> AVAILABLE DATA:
::::
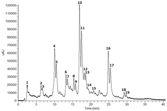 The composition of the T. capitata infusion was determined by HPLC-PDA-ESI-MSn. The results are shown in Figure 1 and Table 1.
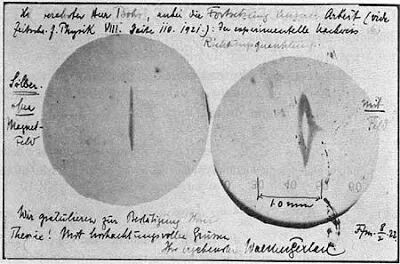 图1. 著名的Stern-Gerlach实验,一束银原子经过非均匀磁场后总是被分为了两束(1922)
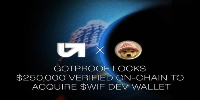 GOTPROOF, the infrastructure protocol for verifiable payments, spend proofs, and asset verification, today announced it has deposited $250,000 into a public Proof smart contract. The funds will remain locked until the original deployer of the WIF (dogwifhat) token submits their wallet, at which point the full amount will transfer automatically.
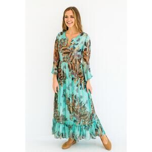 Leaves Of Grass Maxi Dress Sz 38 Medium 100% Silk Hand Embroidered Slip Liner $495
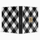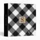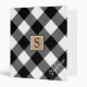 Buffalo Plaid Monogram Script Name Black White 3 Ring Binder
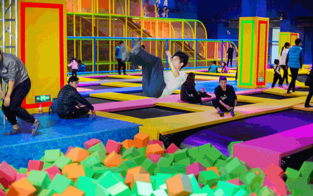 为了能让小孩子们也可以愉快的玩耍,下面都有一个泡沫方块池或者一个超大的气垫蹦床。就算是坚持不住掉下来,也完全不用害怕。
::::
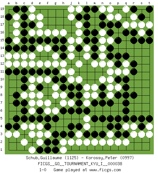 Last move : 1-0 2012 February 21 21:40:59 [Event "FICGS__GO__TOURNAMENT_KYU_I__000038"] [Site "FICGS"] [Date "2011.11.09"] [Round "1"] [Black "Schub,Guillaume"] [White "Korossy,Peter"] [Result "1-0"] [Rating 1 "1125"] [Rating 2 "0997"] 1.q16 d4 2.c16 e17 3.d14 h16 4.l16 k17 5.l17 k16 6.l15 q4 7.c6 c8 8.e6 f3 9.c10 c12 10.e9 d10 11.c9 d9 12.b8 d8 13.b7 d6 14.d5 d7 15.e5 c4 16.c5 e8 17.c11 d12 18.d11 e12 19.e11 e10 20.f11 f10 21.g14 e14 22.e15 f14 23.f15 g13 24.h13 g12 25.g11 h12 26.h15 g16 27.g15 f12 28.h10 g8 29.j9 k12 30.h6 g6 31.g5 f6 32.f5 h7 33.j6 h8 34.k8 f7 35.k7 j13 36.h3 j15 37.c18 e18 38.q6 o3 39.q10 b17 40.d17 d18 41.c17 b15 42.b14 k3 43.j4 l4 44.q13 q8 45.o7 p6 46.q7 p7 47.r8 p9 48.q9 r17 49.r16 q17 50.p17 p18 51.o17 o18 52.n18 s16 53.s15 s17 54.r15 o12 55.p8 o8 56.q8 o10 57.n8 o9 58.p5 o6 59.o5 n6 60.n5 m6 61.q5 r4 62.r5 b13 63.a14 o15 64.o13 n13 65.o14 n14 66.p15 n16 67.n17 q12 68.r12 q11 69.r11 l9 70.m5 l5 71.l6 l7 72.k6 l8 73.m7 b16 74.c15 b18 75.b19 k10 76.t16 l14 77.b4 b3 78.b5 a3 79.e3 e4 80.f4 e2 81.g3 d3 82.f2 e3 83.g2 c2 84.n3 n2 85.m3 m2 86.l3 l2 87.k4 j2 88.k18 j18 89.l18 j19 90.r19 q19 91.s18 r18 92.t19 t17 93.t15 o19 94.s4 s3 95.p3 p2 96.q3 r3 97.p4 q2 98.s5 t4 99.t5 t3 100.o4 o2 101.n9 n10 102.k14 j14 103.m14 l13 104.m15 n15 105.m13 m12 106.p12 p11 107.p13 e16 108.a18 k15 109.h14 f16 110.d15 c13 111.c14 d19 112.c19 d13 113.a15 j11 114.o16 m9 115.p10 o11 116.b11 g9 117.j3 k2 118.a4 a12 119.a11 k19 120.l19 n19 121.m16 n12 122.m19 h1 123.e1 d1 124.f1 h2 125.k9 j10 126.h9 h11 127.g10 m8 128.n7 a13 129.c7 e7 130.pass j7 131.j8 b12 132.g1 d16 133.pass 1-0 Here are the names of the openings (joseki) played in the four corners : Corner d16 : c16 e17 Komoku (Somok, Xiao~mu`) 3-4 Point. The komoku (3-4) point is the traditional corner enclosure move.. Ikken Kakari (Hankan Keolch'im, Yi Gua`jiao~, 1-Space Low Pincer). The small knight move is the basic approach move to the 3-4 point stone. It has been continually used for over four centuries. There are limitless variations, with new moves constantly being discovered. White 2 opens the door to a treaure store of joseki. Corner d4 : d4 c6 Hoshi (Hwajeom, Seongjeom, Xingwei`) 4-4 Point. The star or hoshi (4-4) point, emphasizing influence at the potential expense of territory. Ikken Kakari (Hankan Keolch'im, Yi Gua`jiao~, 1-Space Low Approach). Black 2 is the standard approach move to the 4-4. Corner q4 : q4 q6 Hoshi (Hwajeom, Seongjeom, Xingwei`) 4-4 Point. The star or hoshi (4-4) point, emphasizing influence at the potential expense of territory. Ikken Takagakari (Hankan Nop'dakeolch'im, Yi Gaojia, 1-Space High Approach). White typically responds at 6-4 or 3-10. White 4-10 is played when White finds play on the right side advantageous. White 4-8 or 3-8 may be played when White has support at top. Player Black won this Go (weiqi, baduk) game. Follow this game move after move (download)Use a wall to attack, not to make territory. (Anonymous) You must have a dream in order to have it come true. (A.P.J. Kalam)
::::
> EXERCISE BRIEF: The answer should consist only of the lines above from the one with "图1. 著名的Stern-G" through the one with "为了能让小孩子们也可以愉快的", repeated exactly, with no pictures among them.

> ANSWER FOR THIS EXERCISE:
 图1. 著名的Stern-Gerlach实验,一束银原子经过非均匀磁场后总是被分为了两束(1922)
 GOTPROOF, the infrastructure protocol for verifiable payments, spend proofs, and asset verification, today announced it has deposited $250,000 into a public Proof smart contract. The funds will remain locked until the original deployer of the WIF (dogwifhat) token submits their wallet, at which point the full amount will transfer automatically.
 Leaves Of Grass Maxi Dress Sz 38 Medium 100% Silk Hand Embroidered Slip Liner $495
 Buffalo Plaid Monogram Script Name Black White 3 Ring Binder
 为了能让小孩子们也可以愉快的玩耍,下面都有一个泡沫方块池或者一个超大的气垫蹦床。就算是坚持不住掉下来,也完全不用害怕。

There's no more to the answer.